- Available records -
* * * * * * * * *
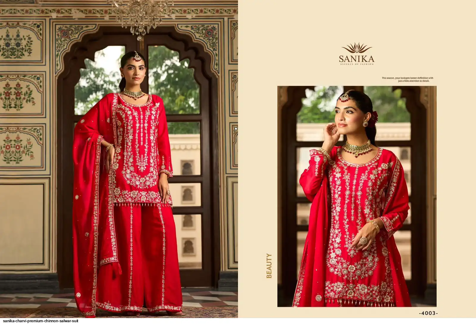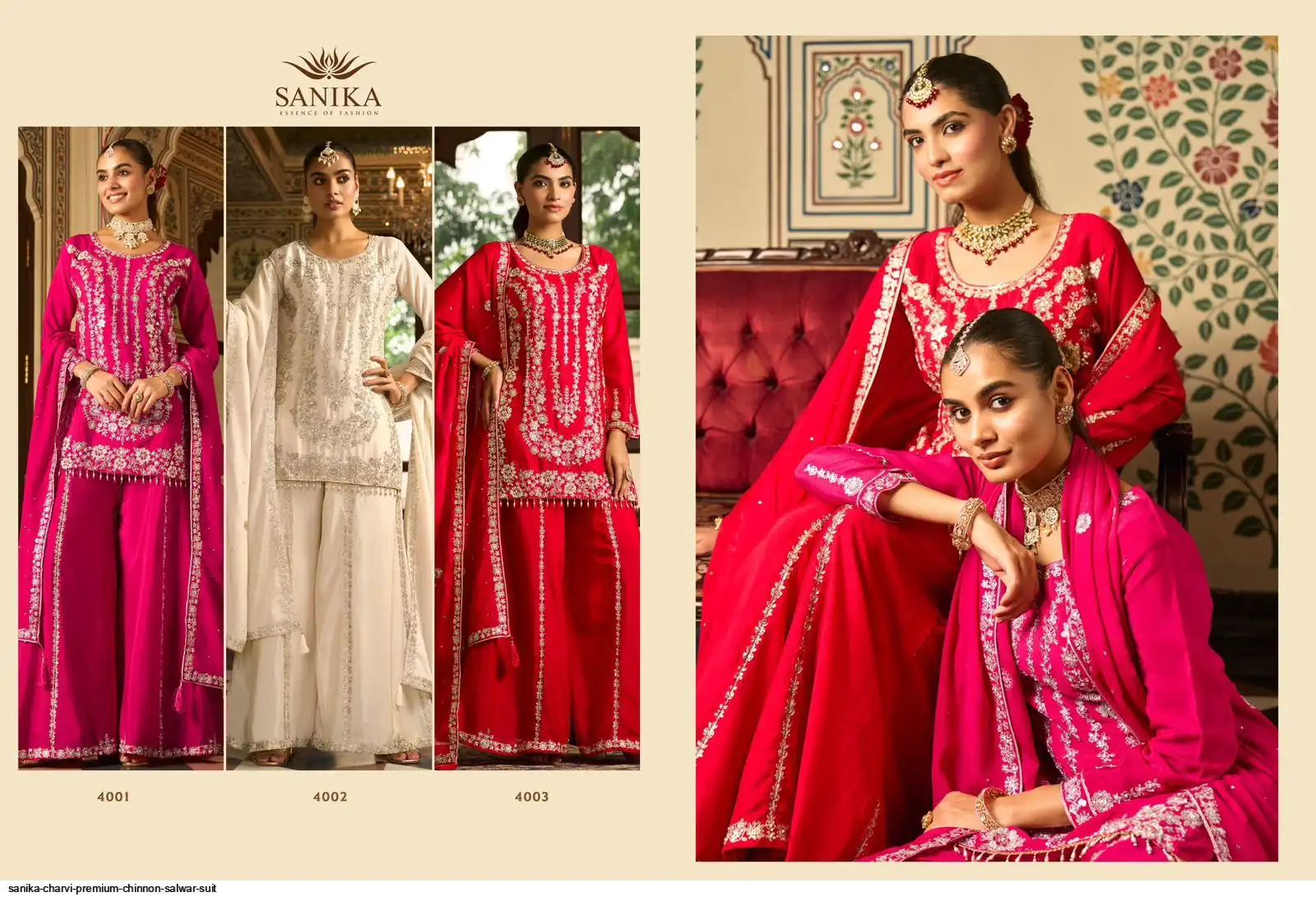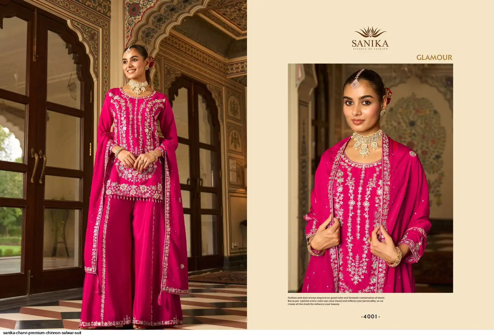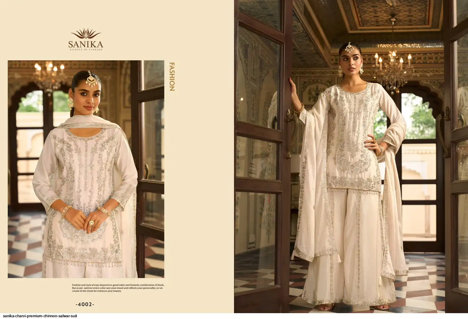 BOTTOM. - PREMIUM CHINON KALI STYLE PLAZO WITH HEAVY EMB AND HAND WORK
* * * * * * * * *
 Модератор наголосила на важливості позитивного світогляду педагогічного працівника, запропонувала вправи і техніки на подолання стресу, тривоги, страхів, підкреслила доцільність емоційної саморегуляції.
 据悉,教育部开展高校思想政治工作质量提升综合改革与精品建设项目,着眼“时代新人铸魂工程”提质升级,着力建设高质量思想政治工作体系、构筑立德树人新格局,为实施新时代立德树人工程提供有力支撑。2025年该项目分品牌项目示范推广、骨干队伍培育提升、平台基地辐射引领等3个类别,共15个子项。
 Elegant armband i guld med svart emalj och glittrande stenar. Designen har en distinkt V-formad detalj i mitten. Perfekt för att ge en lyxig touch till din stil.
* * * * * * * * *
- What is required -
Reprint exactly the lines above that start at the one with "Модератор наголосила на" and end at the one with "Elegant armband i", keeping both and adding none.

- Response box -
 Модератор наголосила на важливості позитивного світогляду педагогічного працівника, запропонувала вправи і техніки на подолання стресу, тривоги, страхів, підкреслила доцільність емоційної саморегуляції.
 据悉,教育部开展高校思想政治工作质量提升综合改革与精品建设项目,着眼“时代新人铸魂工程”提质升级,着力建设高质量思想政治工作体系、构筑立德树人新格局,为实施新时代立德树人工程提供有力支撑。2025年该项目分品牌项目示范推广、骨干队伍培育提升、平台基地辐射引领等3个类别,共15个子项。
 Elegant armband i guld med svart emalj och glittrande stenar. Designen har en distinkt V-formad detalj i mitten. Perfekt för att ge en lyxig touch till din stil.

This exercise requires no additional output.